Can you describe a situation where you faced a significant challenge at work and how you handled it?
A large exercise was looming where hundreds of reservists and civilians coming to the command to fill roles during the exercise. I was tasked by my Chief to create a plan of action for issuing, managing, and maintaining tokens and certificates for all incoming members. This included an appointment process, a 24/7 watchbill availability for constant coverage of a an LRA and LRA Admin, and revocation process once the exercise ended. The planned schedule worked well because I took into account every persons personal life, hours with most work traffic, and the consideration that someone E5 or above had to be on each shift. To bite the bullet I took the overnight LRA shift for just about every exercise because I hadn’t had any kids. As a result I received a FLOC at the end of the exercise for managing that program while still fulfilling ISSO responsibilities during the exercise.

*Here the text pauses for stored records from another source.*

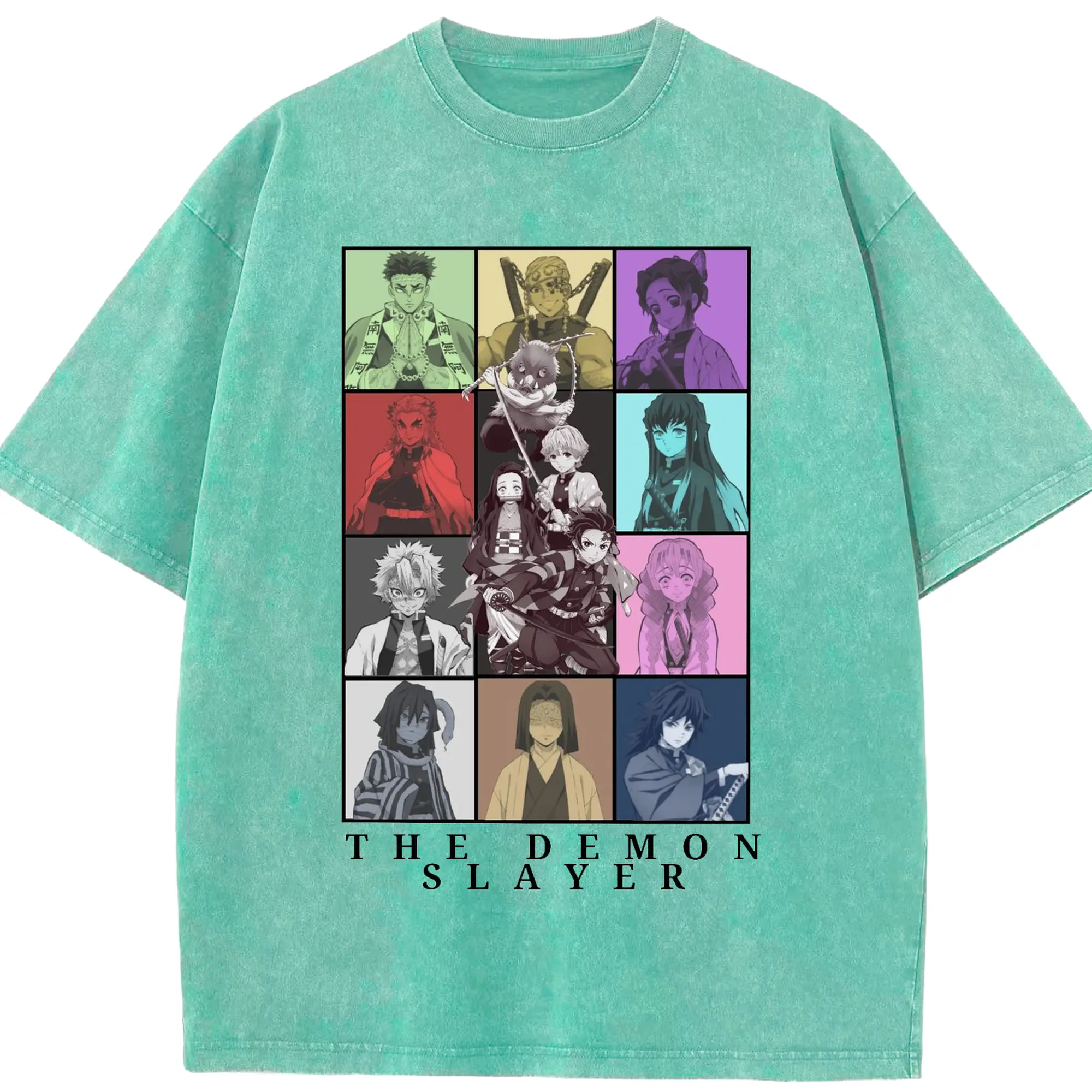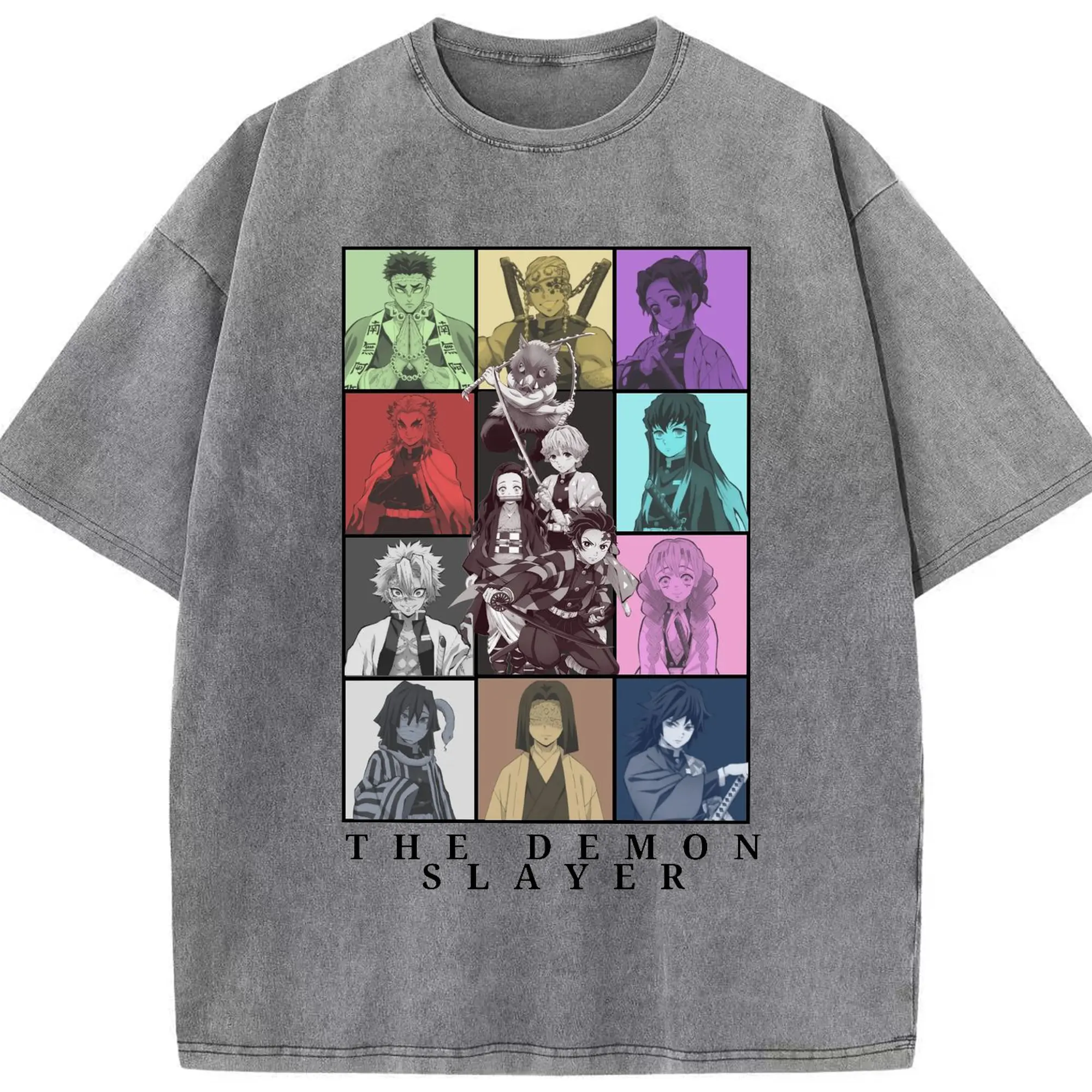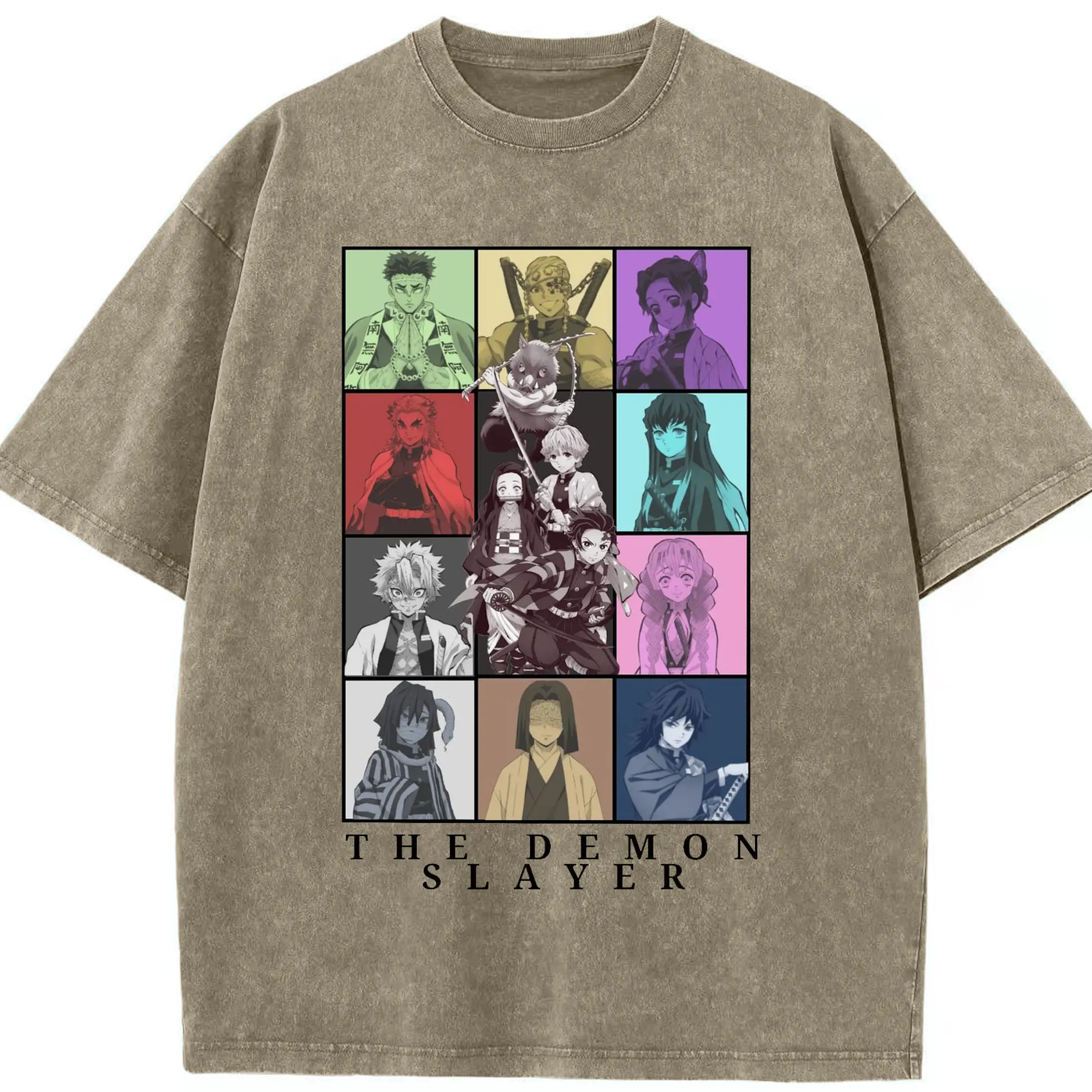 鬼滅の刃 柱合会議 - 綿100% ヴィンテージ風 半袖Tシャツ ・ フロントプリント ・ 柔らか肌触り ・ 通気性 快適 ・ スポーツ カジュアル 外出用
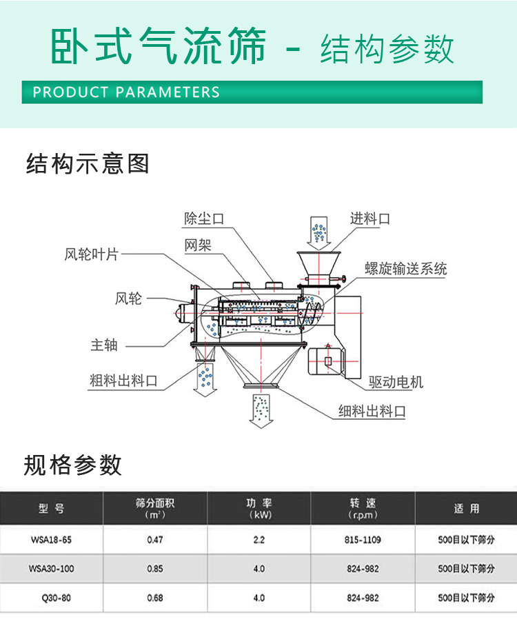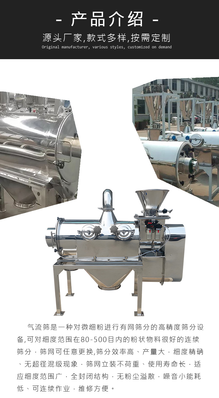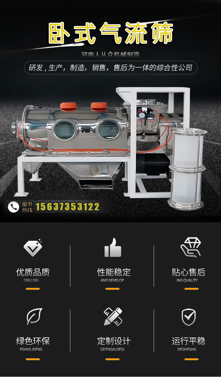 臥式氣流篩是一種常見的篩分設備,用于對粉末和顆粒物料進行分級和篩分的工藝。它采用氣流作為主要篩分力,通過氣流的作用將物料進行分離和分類。
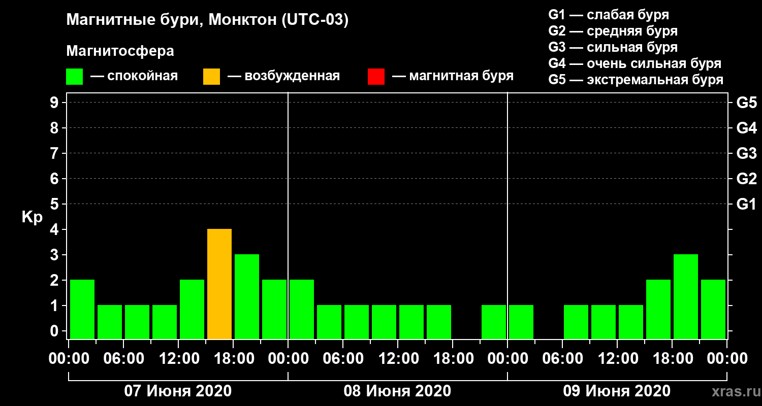 Магнитные бури в Монктоне — 9 июня 2020 года
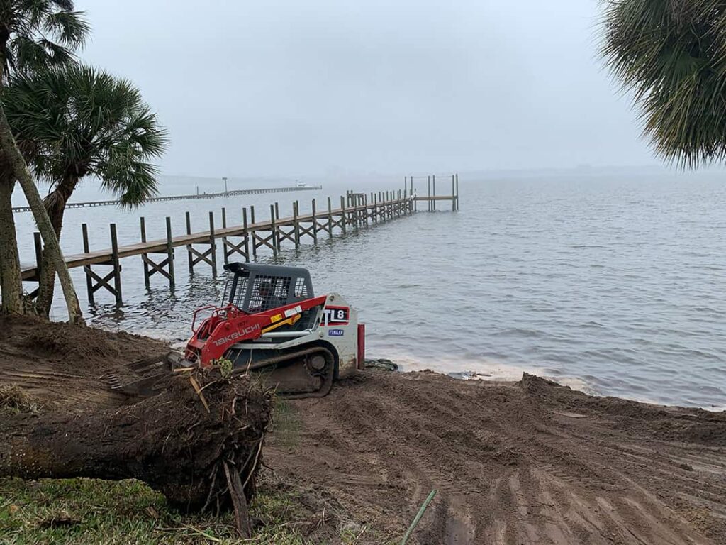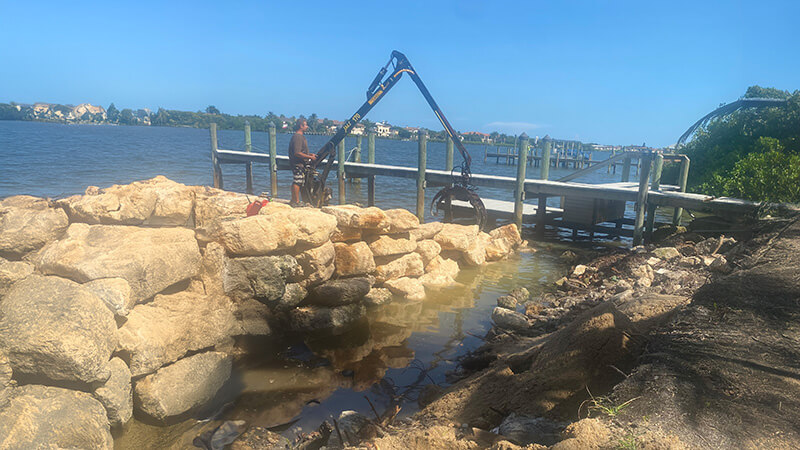 Land-based installation is the standard approach for many contractors. This involves driving heavy equipment—like excavators and loaders—directly onto your property to move coquina rock and materials to the water’s edge.
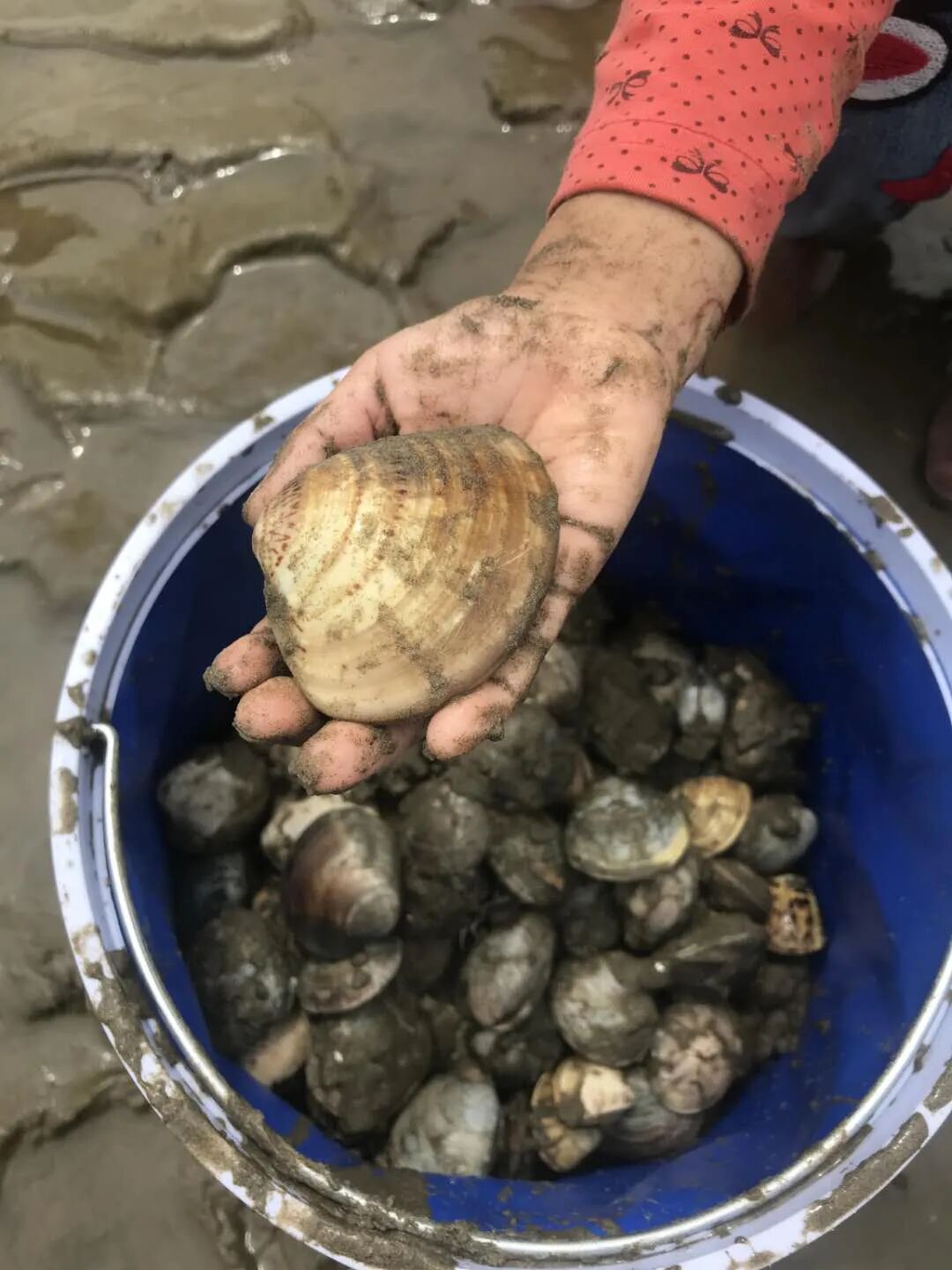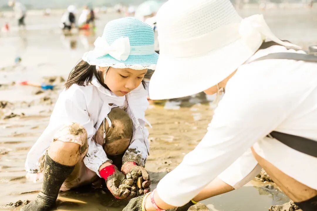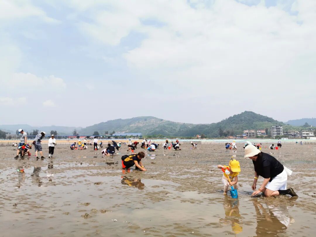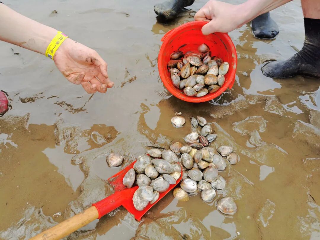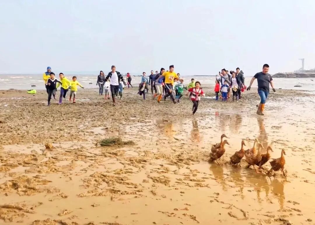 滩涂赶海(摸螺拾贝抓螃蟹)、花蛤美食、踏浪捕鱼、海上捉鸭、
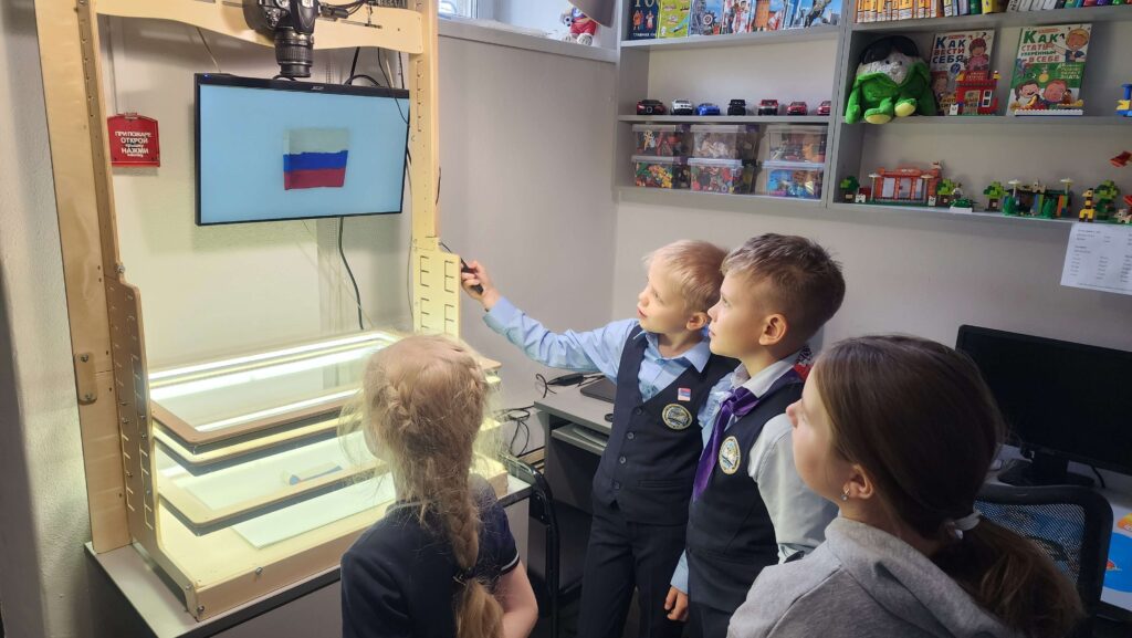 На занятиях в студии анимации «МультиПульти» читатели познакомились с творчеством Елены Анохиной, почитали её книги. Выбрав стихотворение «Российский флаг», ребята в течение нескольких занятий под руководством библиотекаря готовились к съёмкам мультфильма.
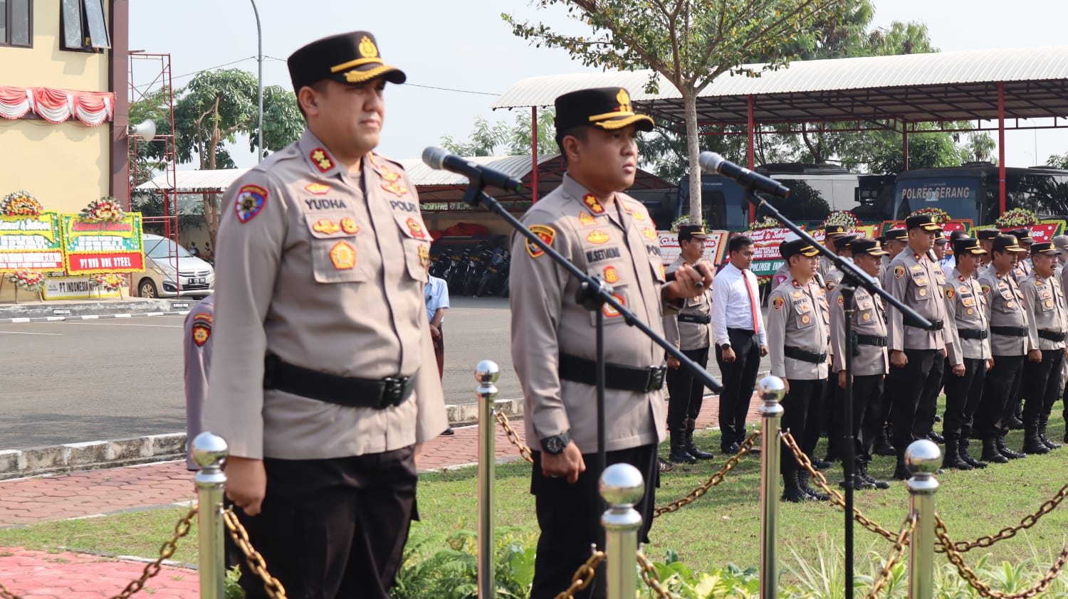 Kasihumas Polres Serang Iptu Dedi Jumhaedi Mengatakan Kegiatan Setelah acara penyanbutan dilanjutkan Apel Kesatuan di lapangan hijau Polres Serang dan dilanjutkan kegiatan Laporan Kesatuan diaula Polres Serang.

Can you describe a time when you had to deal with a difficult coworker or team member? (Zac during ULT phases)
The first instance that comes to mind is in my current role. The other IT1 in my deployment group had some personality and professionalism issues. Most specifically regarding his communication. The SOP in the troop was to communicate early and often.
* He lacked this awareness and thought he was somewhat above having to communicate until the last minute.
* The solution to this issue, I took it upon myself to track what the three of us were supposed to be doing or where we were supposed by keeping a white board up in the JOC with our tasking and whereabouts.
This may sound as micromanaging, but I made it so we basically each had a job similar to this. My Chiefs job was to keep log of all deployed tech and its whereabouts. Zac had the job of specifically maintaining all issued cell phones and BFTs. I kept track of people and overall tasks.